@chelsey423 Hi! I’m wondering the same thing (if anyone has more advice)!!! I have significant injuries which won’t allow me to exercise strenuously much for the foreseeable future + a very intense (sedentary) work schedule for the next few months that doesn’t allow a lot of free time (at the hospital so not allowed to have a standing/walking desk).
It’s super easy to put on the weight when you’re forced to be sedentary — so far the only thing that’s worked for me is:
1) OMAD (one meal a day) with an 18:6 IF; around 1300 calories in that meal/time period. I don’t weigh my food because that’s stressful for me, but I do at least eye what I’m eating. This has been the biggest key I think. Controlling the amount of calories I let in my body in one period of time, so no mindless snacking or surprise calories adding up throughout the day
2) Cutting out alcohol which has been HUGE. Even a glass of wine a day was significantly impacting my ability to lose weight. But within 2-3 weeks of stopping, I dropped almost 10lbs and so much facial swelling/body swelling (went down 2in on my waist). I also cut out any other sources of empty calories (ex: milk in coffee, protein shakes with too much added sugar).
3) Aiming to walk 20-40 min a day, but split into 2 segments so I don’t feel the strain too much on my body/feel like a significant chunk of my day has to be used/or get me super sweaty. Ideal days have 30 min in the AM and 30 min in the evening at least 5 days/week. I live in NYC, so it makes it easy in terms of walking to work every day + adding a little extra before/after so that it’s an essential part of the day.
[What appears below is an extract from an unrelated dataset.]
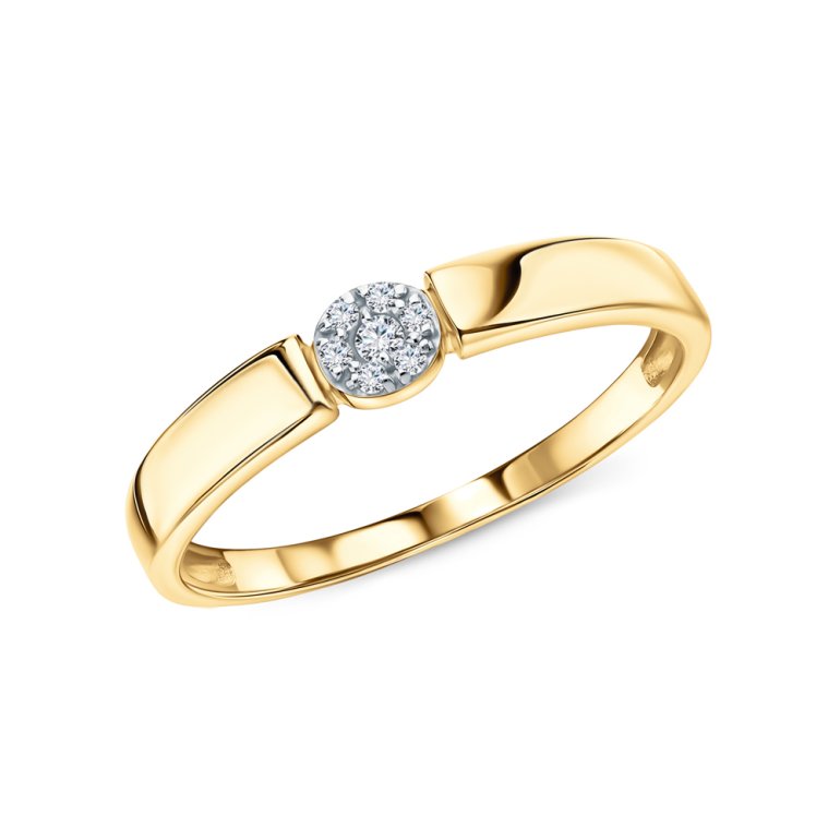 Кольцо с 1 бриллиантом природным, 0.013 карат, огранка круг 57 граней, цвет 3, чистота 6, тип огранки А; 6 бриллиантами природными, 0.025 карат, огранка круг 17 граней, цвет 2, чистота 2, тип огранки А; Желтое золото 585 пробы.

I also try to get up and do like 10 squats every hour especially when I sit for extended periods of time.
These things have helped me from
gaining any weight, but the loss has been slow - maybe 0.5lb/week, when it does happen. However, it does feel more permanent, where a few days of splurging doesn’t put the weight back on immediately. It feels with every lb I lose, it’s a new established baseline.
However, I understand your frustrations in that even though weight loss happens in the kitchen, it’s the exertion that adds the extra push for petite people who don’t naturally burn as much in general!! If anyone has any additional tips, it would be much appreciated!!